──────── INPUT DATA

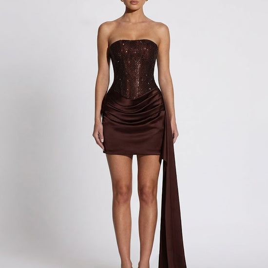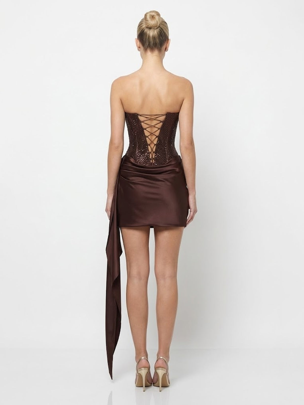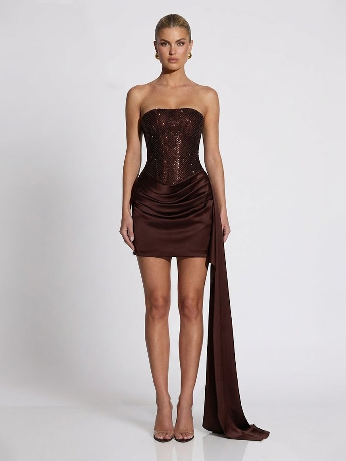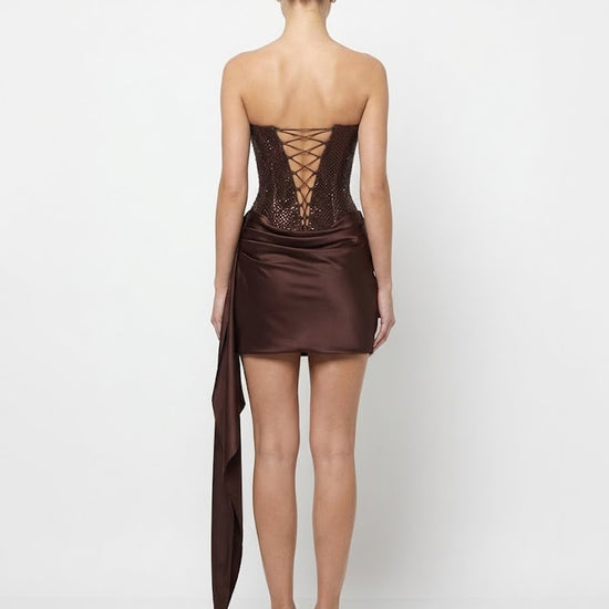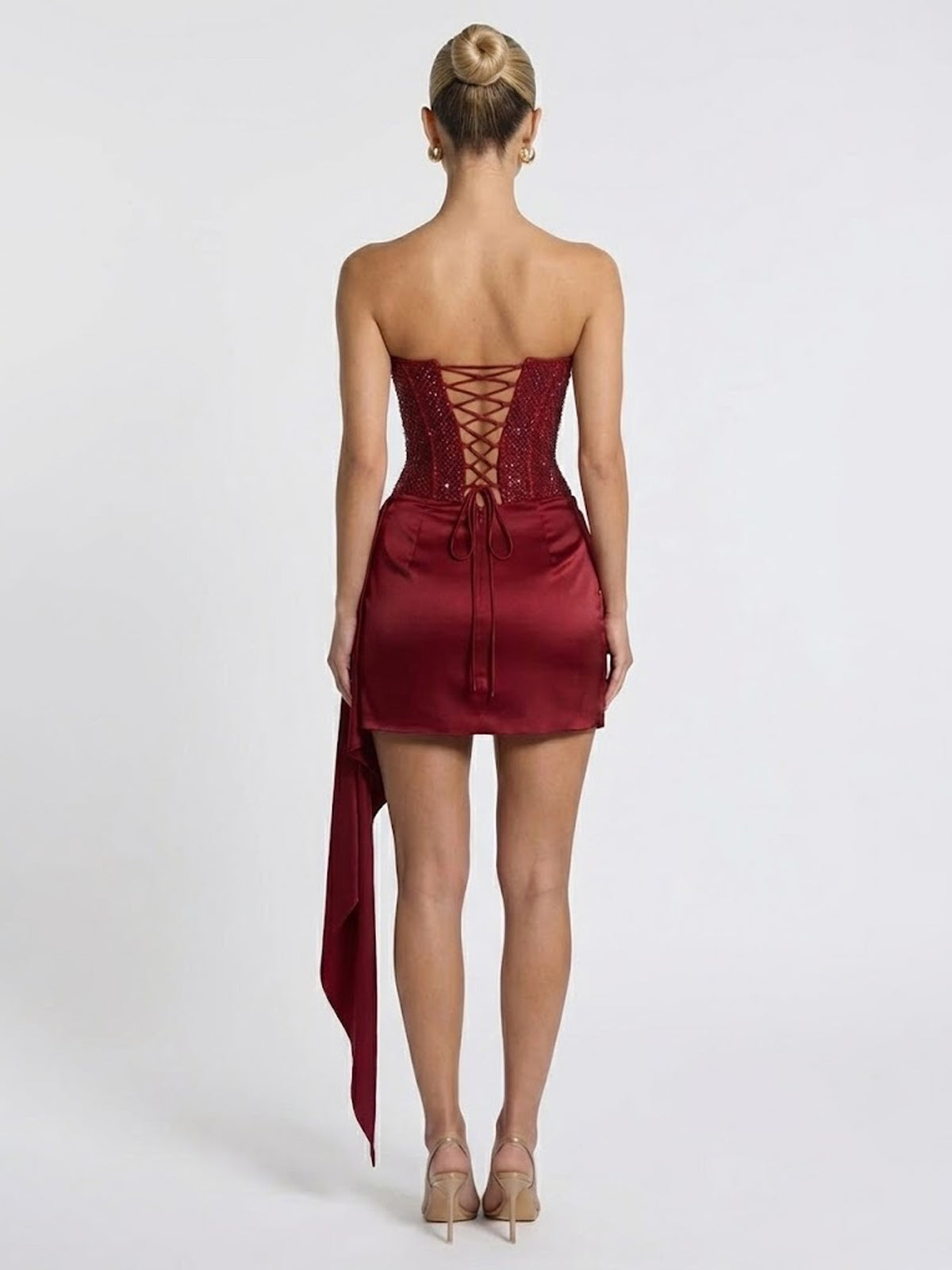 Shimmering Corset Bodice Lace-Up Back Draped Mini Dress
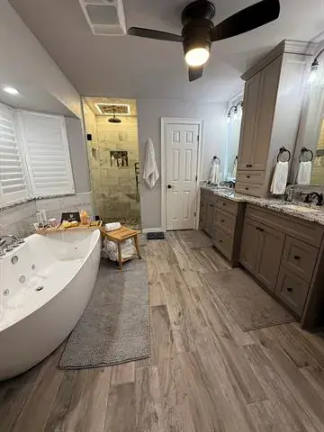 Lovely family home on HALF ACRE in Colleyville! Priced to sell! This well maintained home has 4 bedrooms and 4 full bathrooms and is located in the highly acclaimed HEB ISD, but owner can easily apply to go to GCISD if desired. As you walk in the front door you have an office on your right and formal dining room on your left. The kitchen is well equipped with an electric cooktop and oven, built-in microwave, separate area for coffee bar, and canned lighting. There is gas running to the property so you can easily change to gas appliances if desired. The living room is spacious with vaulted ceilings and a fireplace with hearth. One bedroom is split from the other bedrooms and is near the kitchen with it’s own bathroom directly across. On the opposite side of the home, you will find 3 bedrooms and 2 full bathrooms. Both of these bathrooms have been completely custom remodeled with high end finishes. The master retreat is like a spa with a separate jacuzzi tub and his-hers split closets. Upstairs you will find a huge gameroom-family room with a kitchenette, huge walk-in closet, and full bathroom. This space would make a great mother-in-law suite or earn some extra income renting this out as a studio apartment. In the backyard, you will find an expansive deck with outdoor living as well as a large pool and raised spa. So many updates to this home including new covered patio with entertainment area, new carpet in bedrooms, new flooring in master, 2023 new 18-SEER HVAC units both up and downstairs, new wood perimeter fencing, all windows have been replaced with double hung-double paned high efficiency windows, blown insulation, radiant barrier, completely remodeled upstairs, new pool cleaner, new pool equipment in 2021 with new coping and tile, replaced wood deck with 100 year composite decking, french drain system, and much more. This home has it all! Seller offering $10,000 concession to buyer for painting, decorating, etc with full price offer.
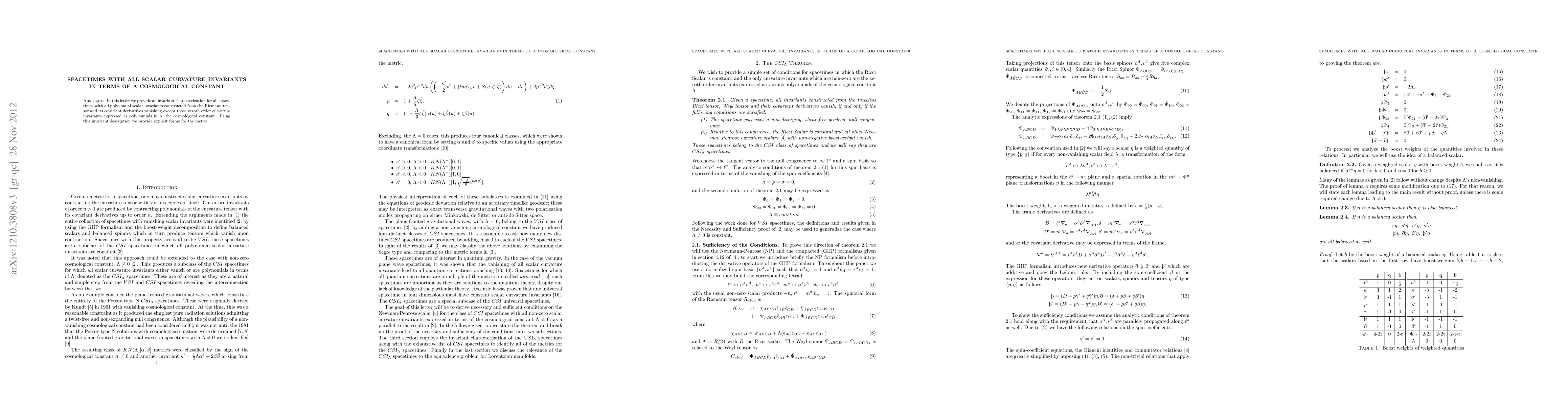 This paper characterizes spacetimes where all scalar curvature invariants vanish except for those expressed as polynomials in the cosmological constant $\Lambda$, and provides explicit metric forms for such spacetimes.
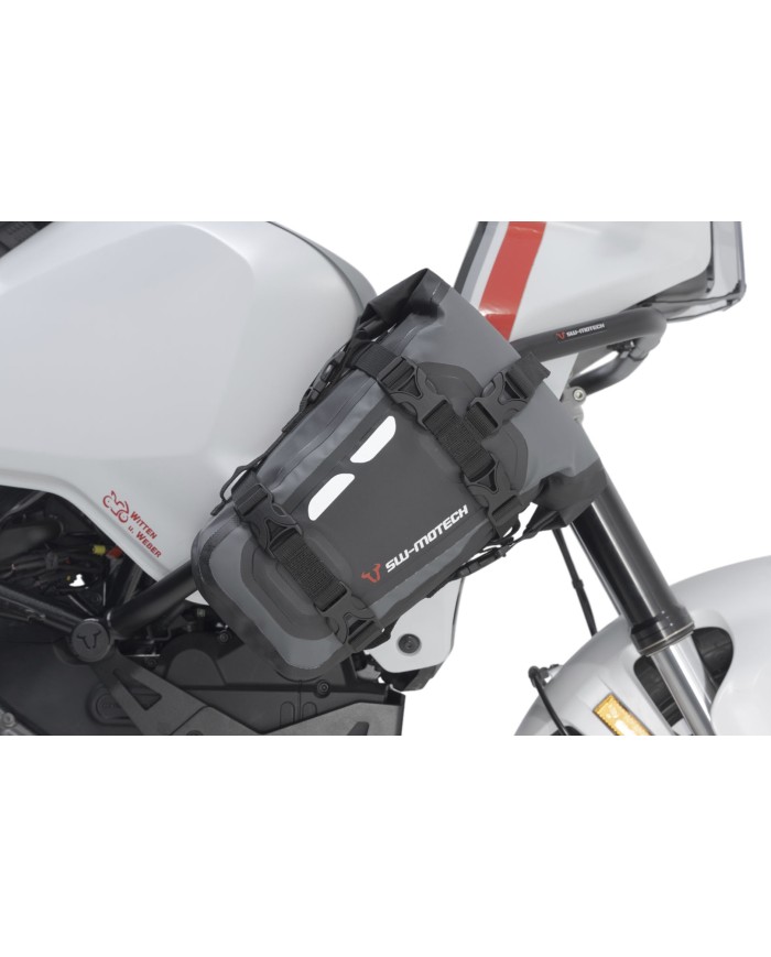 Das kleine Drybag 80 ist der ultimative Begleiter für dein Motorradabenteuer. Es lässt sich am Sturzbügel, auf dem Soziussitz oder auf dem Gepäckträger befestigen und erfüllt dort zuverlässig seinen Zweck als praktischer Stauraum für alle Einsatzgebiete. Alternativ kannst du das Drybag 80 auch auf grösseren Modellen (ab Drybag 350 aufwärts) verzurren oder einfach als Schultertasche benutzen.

────────────────

### [EXERCISE BRIEF]
Everything in the preceding material must be transcribed exactly, except the images.

### [REPLY TO THE EXERCISE]
 Shimmering Corset Bodice Lace-Up Back Draped Mini Dress
 Lovely family home on HALF ACRE in Colleyville! Priced to sell! This well maintained home has 4 bedrooms and 4 full bathrooms and is located in the highly acclaimed HEB ISD, but owner can easily apply to go to GCISD if desired. As you walk in the front door you have an office on your right and formal dining room on your left. The kitchen is well equipped with an electric cooktop and oven, built-in microwave, separate area for coffee bar, and canned lighting. There is gas running to the property so you can easily change to gas appliances if desired. The living room is spacious with vaulted ceilings and a fireplace with hearth. One bedroom is split from the other bedrooms and is near the kitchen with it’s own bathroom directly across. On the opposite side of the home, you will find 3 bedrooms and 2 full bathrooms. Both of these bathrooms have been completely custom remodeled with high end finishes. The master retreat is like a spa with a separate jacuzzi tub and his-hers split closets. Upstairs you will find a huge gameroom-family room with a kitchenette, huge walk-in closet, and full bathroom. This space would make a great mother-in-law suite or earn some extra income renting this out as a studio apartment. In the backyard, you will find an expansive deck with outdoor living as well as a large pool and raised spa. So many updates to this home including new covered patio with entertainment area, new carpet in bedrooms, new flooring in master, 2023 new 18-SEER HVAC units both up and downstairs, new wood perimeter fencing, all windows have been replaced with double hung-double paned high efficiency windows, blown insulation, radiant barrier, completely remodeled upstairs, new pool cleaner, new pool equipment in 2021 with new coping and tile, replaced wood deck with 100 year composite decking, french drain system, and much more. This home has it all! Seller offering $10,000 concession to buyer for painting, decorating, etc with full price offer.
 This paper characterizes spacetimes where all scalar curvature invariants vanish except for those expressed as polynomials in the cosmological constant $\Lambda$, and provides explicit metric forms for such spacetimes.
 Das kleine Drybag 80 ist der ultimative Begleiter für dein Motorradabenteuer. Es lässt sich am Sturzbügel, auf dem Soziussitz oder auf dem Gepäckträger befestigen und erfüllt dort zuverlässig seinen Zweck als praktischer Stauraum für alle Einsatzgebiete. Alternativ kannst du das Drybag 80 auch auf grösseren Modellen (ab Drybag 350 aufwärts) verzurren oder einfach als Schultertasche benutzen.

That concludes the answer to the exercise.